EXERCISE: With the pictures set aside, return the lines below exactly, beginning at the first and ending at the line containing "联播+4月24日是中国航天日".

DATASET RECORDS:
Content starts

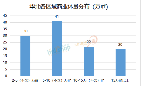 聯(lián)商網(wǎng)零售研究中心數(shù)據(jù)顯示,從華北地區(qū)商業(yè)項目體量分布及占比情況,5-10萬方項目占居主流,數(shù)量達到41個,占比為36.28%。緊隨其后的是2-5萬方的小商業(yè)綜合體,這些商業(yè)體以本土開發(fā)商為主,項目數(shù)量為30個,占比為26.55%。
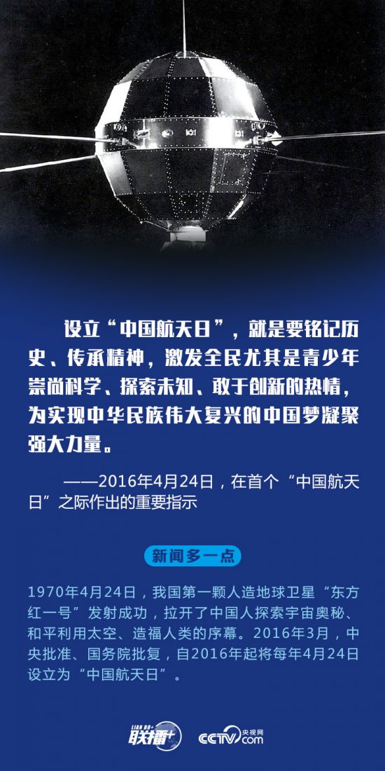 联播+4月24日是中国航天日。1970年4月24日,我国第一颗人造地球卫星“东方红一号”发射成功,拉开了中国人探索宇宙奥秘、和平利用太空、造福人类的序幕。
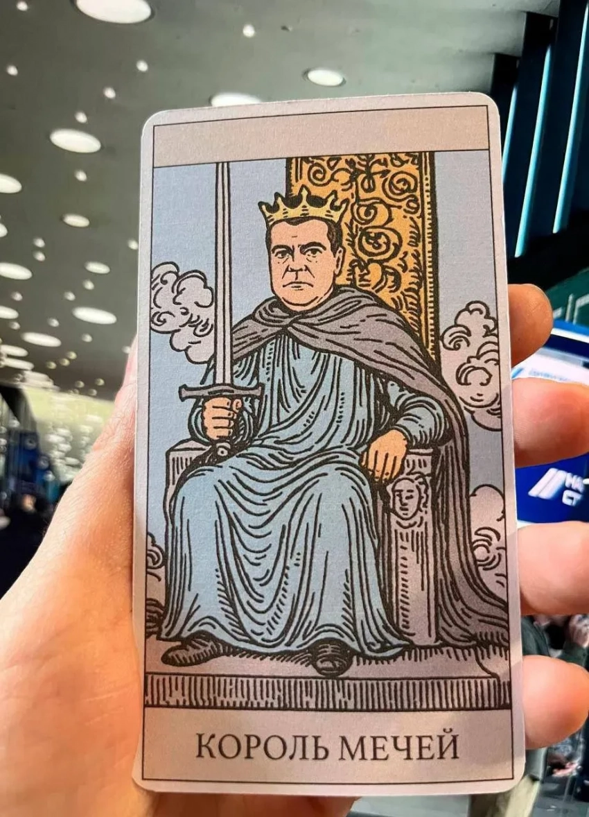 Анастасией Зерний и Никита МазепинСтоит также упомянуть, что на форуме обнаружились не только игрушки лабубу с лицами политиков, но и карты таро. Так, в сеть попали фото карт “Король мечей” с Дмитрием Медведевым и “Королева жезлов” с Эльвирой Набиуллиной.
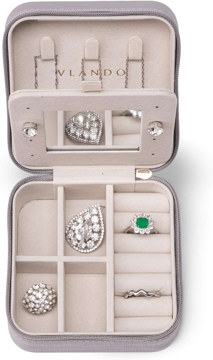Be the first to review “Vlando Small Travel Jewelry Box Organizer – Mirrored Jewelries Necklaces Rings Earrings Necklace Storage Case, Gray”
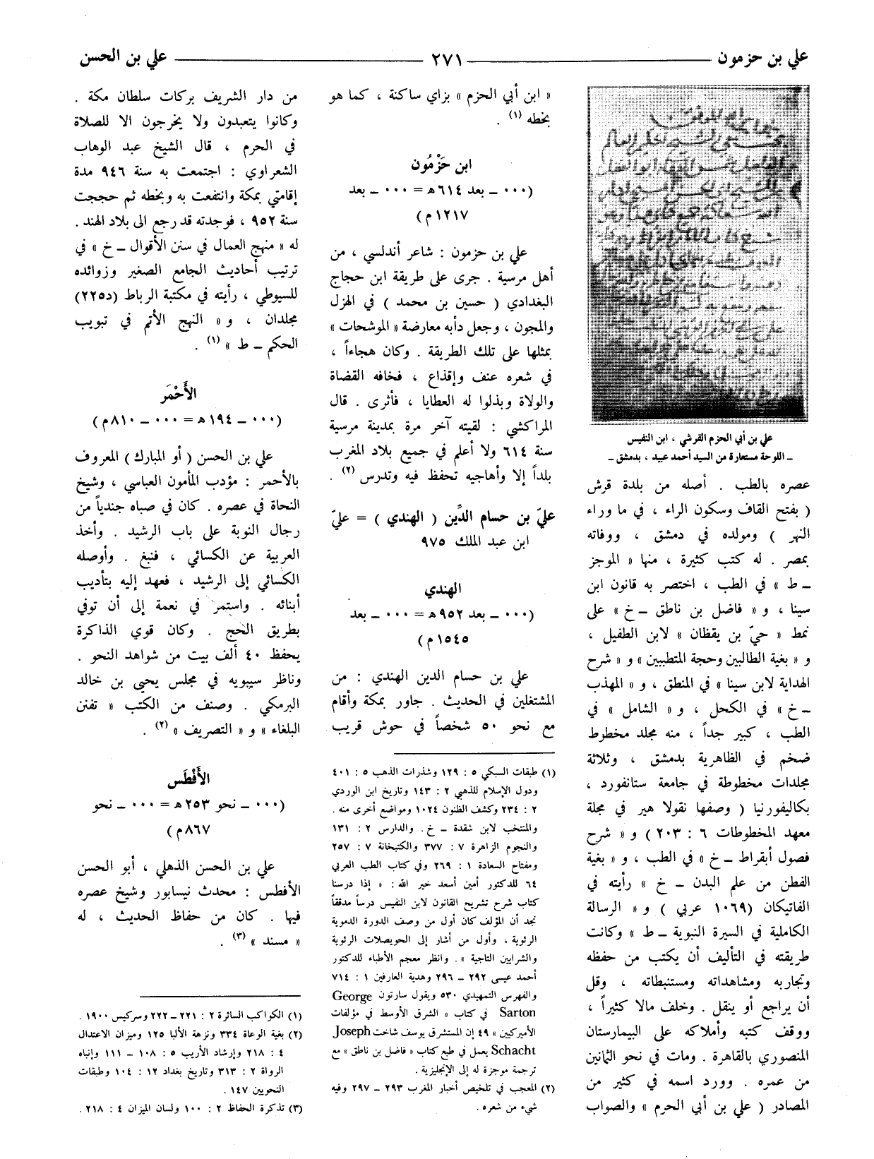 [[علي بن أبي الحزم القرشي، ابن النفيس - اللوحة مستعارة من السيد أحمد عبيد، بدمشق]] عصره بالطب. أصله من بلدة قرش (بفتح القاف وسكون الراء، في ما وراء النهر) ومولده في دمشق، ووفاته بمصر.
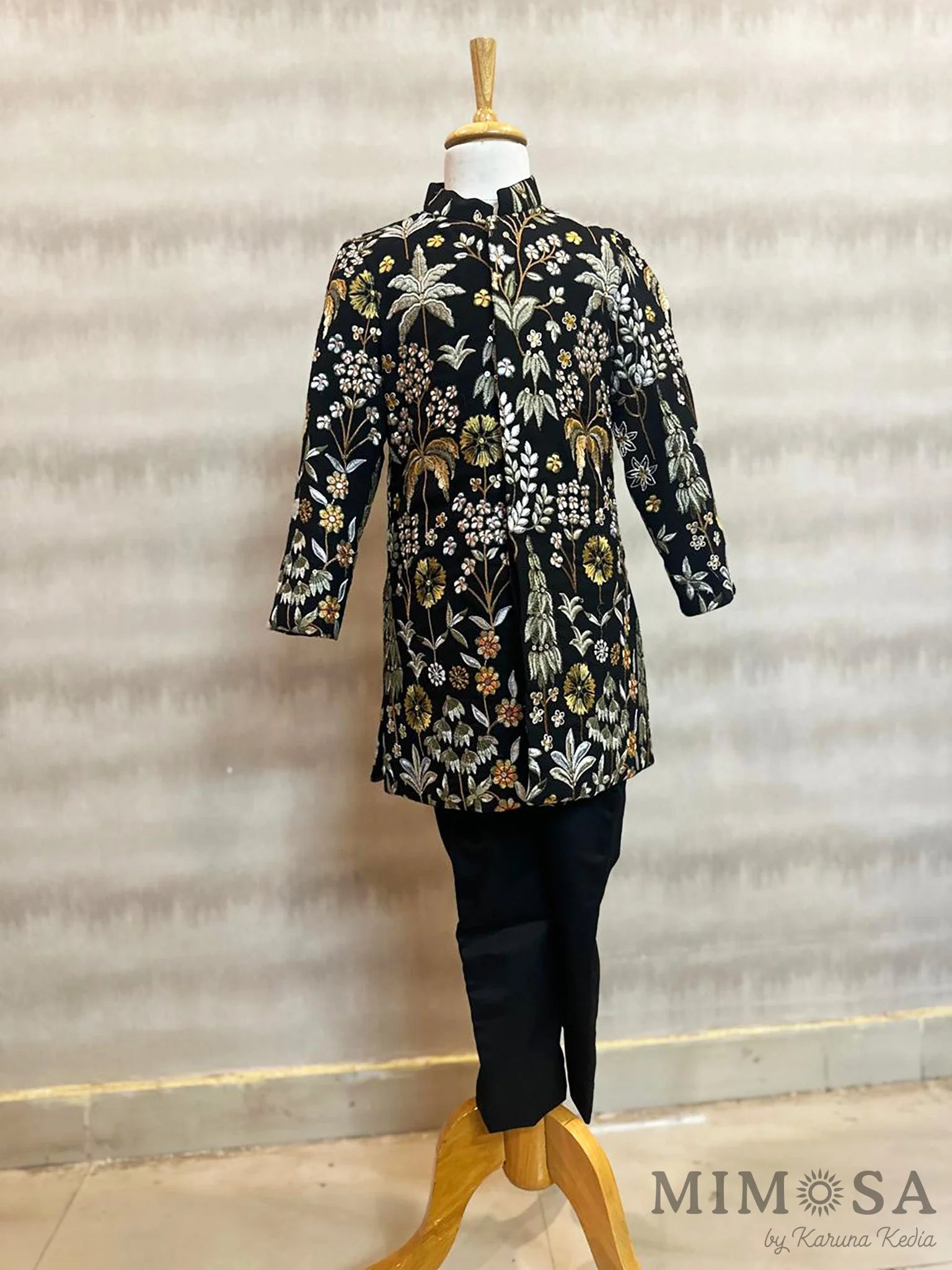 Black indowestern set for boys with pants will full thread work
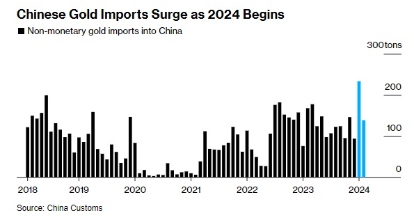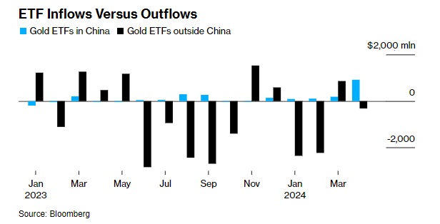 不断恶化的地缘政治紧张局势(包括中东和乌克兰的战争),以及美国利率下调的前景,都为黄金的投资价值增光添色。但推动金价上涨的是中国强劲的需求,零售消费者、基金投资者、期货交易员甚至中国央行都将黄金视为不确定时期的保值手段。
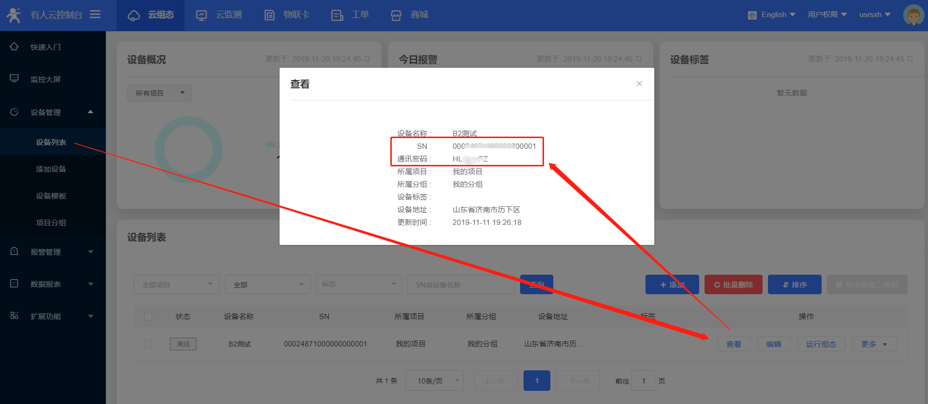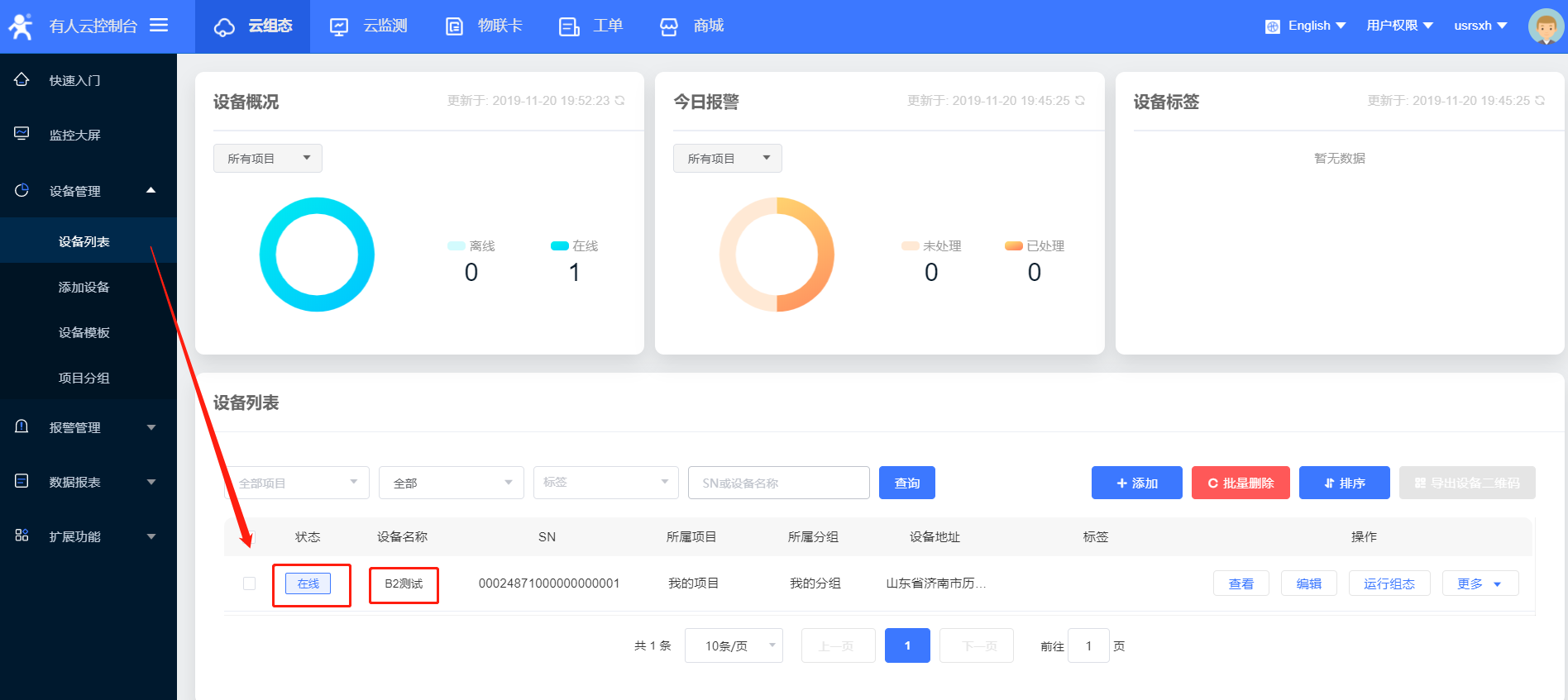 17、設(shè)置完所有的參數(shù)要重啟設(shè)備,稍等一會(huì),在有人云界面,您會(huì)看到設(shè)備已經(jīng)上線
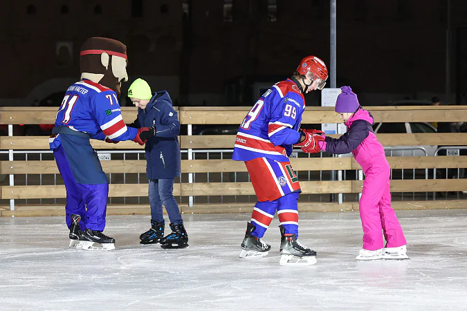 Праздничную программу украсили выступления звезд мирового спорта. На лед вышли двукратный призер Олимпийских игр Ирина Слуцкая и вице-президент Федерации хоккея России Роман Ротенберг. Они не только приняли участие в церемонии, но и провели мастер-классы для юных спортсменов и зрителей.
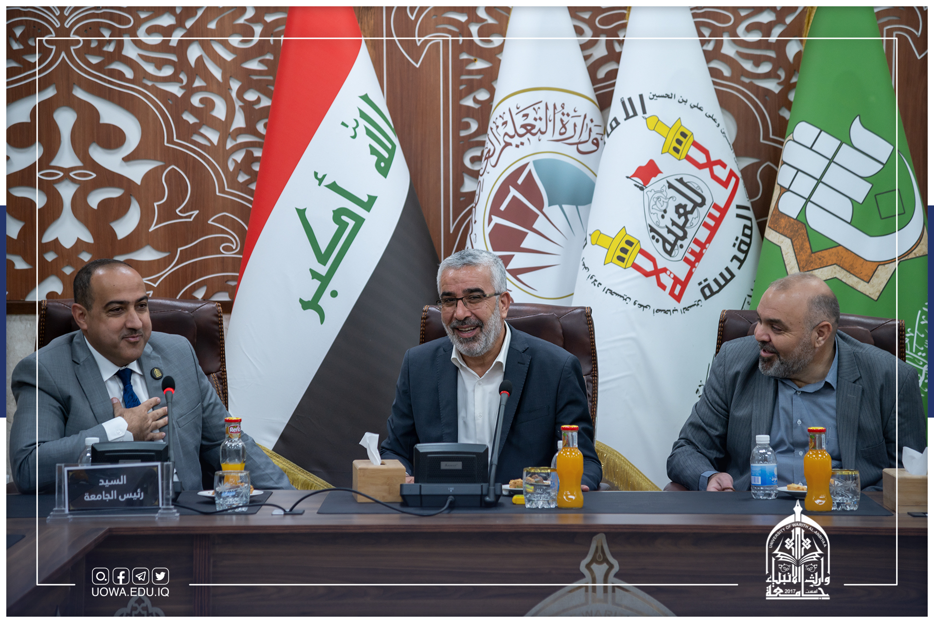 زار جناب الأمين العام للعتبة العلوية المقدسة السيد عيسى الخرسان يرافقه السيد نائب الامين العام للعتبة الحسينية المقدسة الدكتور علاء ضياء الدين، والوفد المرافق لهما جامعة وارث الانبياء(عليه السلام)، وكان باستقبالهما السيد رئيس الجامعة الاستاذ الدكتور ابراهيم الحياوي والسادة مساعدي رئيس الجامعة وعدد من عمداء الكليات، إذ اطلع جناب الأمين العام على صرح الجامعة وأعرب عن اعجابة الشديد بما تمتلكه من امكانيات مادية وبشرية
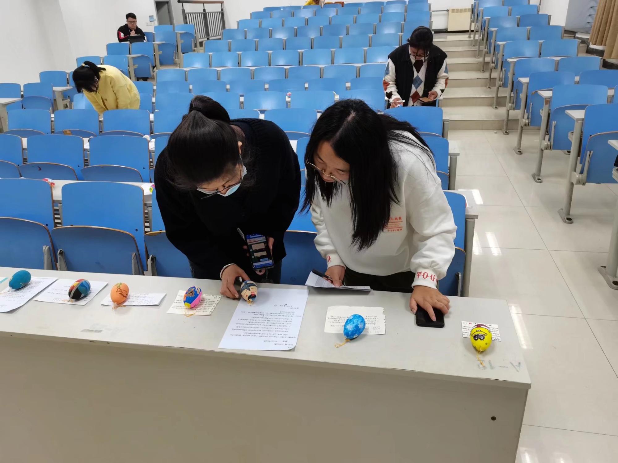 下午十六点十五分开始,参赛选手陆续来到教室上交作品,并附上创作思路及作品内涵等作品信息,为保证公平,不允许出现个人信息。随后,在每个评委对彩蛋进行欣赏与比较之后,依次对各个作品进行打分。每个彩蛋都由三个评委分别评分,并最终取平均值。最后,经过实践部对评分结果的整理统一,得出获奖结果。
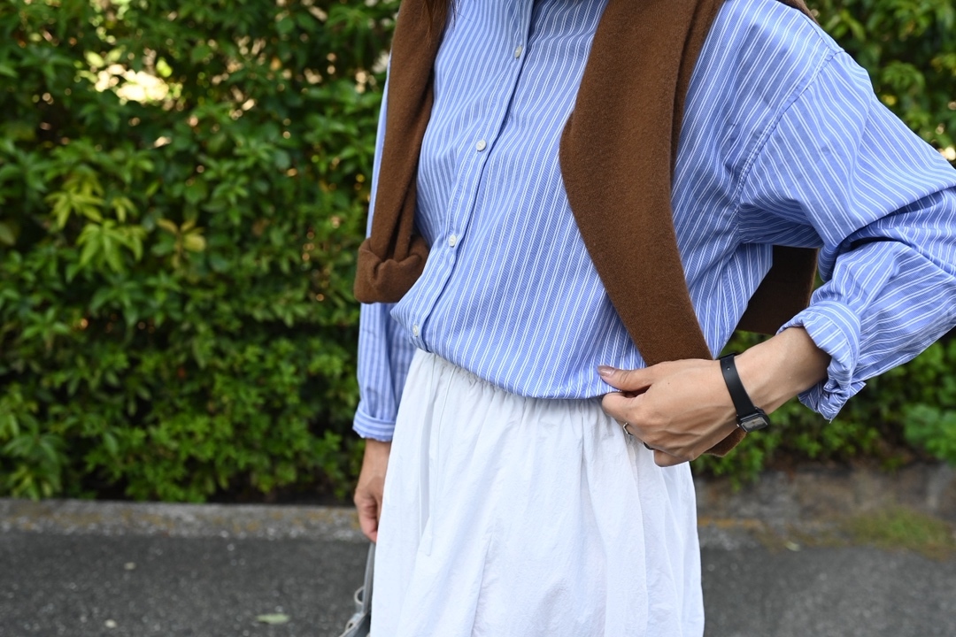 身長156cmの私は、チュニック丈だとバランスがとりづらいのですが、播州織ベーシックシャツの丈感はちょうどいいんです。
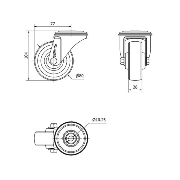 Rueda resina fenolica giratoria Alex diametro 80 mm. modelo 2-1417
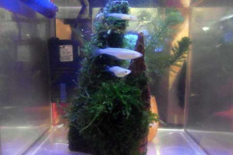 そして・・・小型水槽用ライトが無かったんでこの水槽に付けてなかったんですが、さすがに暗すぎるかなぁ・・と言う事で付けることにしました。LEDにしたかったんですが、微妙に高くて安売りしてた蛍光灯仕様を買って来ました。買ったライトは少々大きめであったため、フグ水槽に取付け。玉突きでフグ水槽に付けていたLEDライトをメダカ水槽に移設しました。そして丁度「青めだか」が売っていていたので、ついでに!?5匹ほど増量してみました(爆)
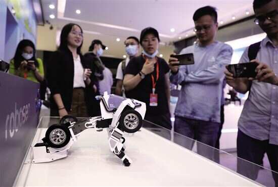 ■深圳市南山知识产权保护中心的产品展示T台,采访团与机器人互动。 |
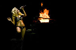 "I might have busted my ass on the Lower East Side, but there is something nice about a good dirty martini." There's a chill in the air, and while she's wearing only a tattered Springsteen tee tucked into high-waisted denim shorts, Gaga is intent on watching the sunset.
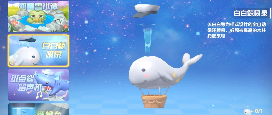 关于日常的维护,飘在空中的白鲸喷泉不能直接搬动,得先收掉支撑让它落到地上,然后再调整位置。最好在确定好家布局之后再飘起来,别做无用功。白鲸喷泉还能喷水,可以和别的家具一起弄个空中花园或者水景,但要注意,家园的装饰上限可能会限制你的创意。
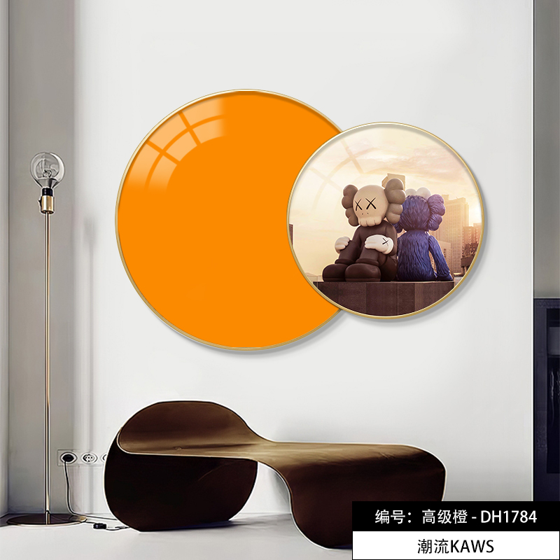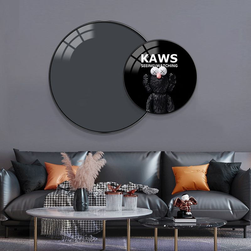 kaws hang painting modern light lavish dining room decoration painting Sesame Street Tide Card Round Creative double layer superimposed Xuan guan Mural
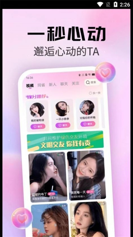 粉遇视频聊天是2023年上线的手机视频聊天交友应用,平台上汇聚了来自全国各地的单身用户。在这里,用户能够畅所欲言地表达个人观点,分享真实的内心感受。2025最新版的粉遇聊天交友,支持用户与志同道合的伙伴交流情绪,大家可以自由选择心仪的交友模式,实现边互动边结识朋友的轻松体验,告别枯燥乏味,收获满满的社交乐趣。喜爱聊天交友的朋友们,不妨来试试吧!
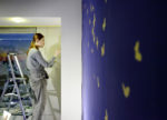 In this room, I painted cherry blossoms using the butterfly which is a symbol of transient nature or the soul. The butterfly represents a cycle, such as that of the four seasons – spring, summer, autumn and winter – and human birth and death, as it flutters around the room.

Content ends

ANSWER BOX:
 聯(lián)商網(wǎng)零售研究中心數(shù)據(jù)顯示,從華北地區(qū)商業(yè)項目體量分布及占比情況,5-10萬方項目占居主流,數(shù)量達到41個,占比為36.28%。緊隨其后的是2-5萬方的小商業(yè)綜合體,這些商業(yè)體以本土開發(fā)商為主,項目數(shù)量為30個,占比為26.55%。
 联播+4月24日是中国航天日。1970年4月24日,我国第一颗人造地球卫星“东方红一号”发射成功,拉开了中国人探索宇宙奥秘、和平利用太空、造福人类的序幕。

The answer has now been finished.